In July 2000, Herer suffered a minor heart attack and a major stroke while attending the BioFach trade show, resulting in difficulties speaking and moving the right side of his body. Herer mostly recovered, and claimed in May 2004 that treatment with the Amanita muscaria, a psychoactive mushroom, was the "secret".

On September 12, 2009, Herer suffered another heart attack while backstage at the Hempstalk Festival in Portland, Oregon.

He was discharged to another facility on October 13, 2009. Paul Stanford of The Hemp and Cannabis Foundation said, "He is waking up and gazing appropriately when someone is talking... but he is not really communicating in any way."
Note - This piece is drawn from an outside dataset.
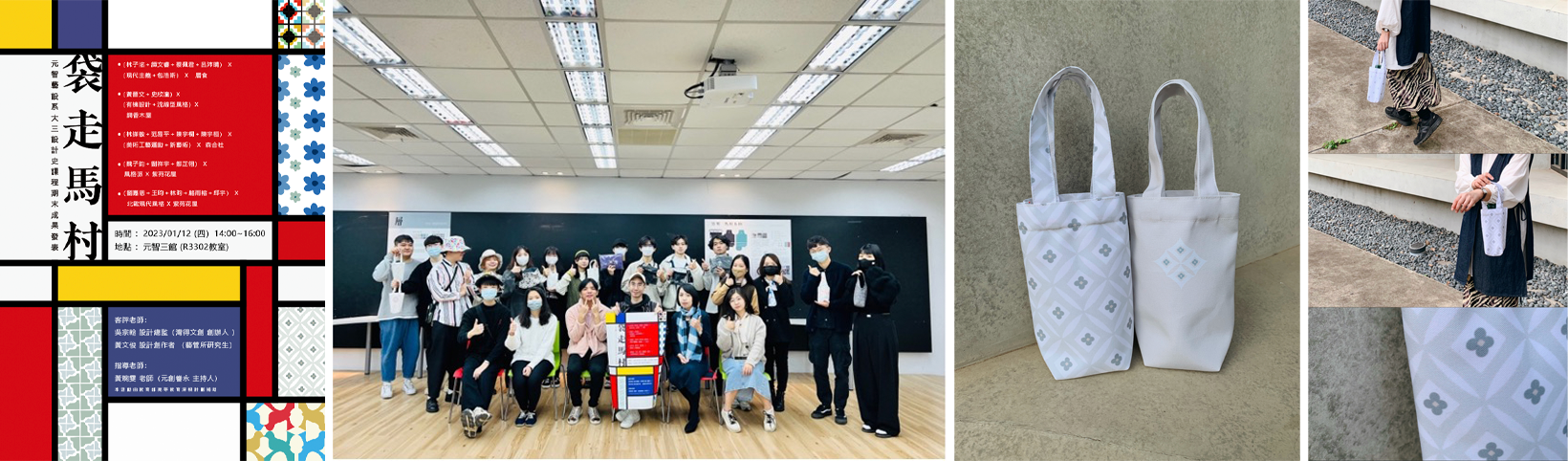 元智藝管所的學生在走訪馬村職人後發現,進駐的職人店家都非常具有創意和實力,但較缺乏交流和合作的機制,需要將資源整合以彼此增益,透過陪伴和共學,建立互助與合作的共好機制,並共同開發馬村的創意產品。團隊除了在馬村學堂和技能交換工作坊共同開發了一些具有潛力的手作產品,也透過課程設計將學生的創意、馬村印象和數位印花技術結合,創造符合馬村店家需求和特色的各種文創產品。以下舉「設計史」課程為例,來說明史論知識如何應用在文創產品的設計上,使設計的變化更為豐富,也與眷村的建築語彙和質感色彩產生關連。
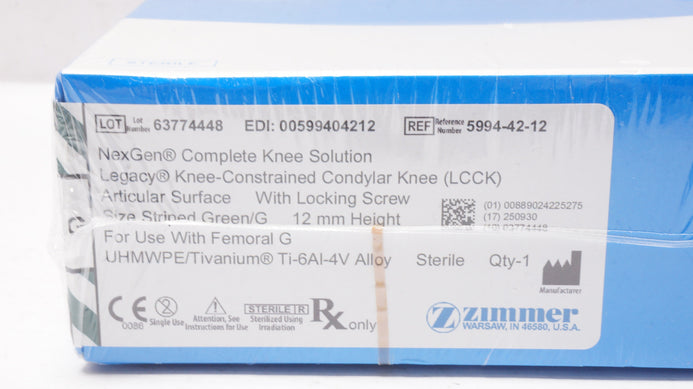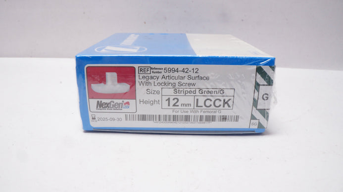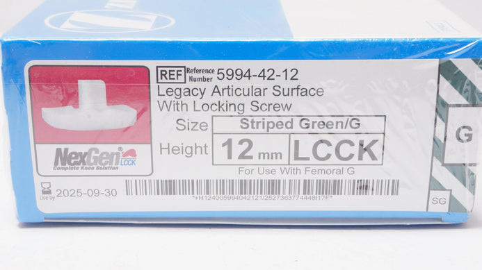 - Zimmer 5994-42-12 Legacy Articular Surface w/Locking Screw, Striped Green/G 12mm

On April 15, 2010, Herer died in Eugene, Oregon, from complications related to the September 2009 heart attack. He was 70 years old at the time of his death. Herer was buried at the Eden Memorial Park Cemetery in Mission Hills, California.

==Criticism==
European experts on hemp, like Dr. Hayo M.G. van der Werf, author of the doctoral thesis Crop physiology of fibre hemp (1994), and Dr. Ivan Bocsa criticized Herer for making unrealistic claims regarding the potential of hemp (cf. the work of Lyster Hoxie Dewey).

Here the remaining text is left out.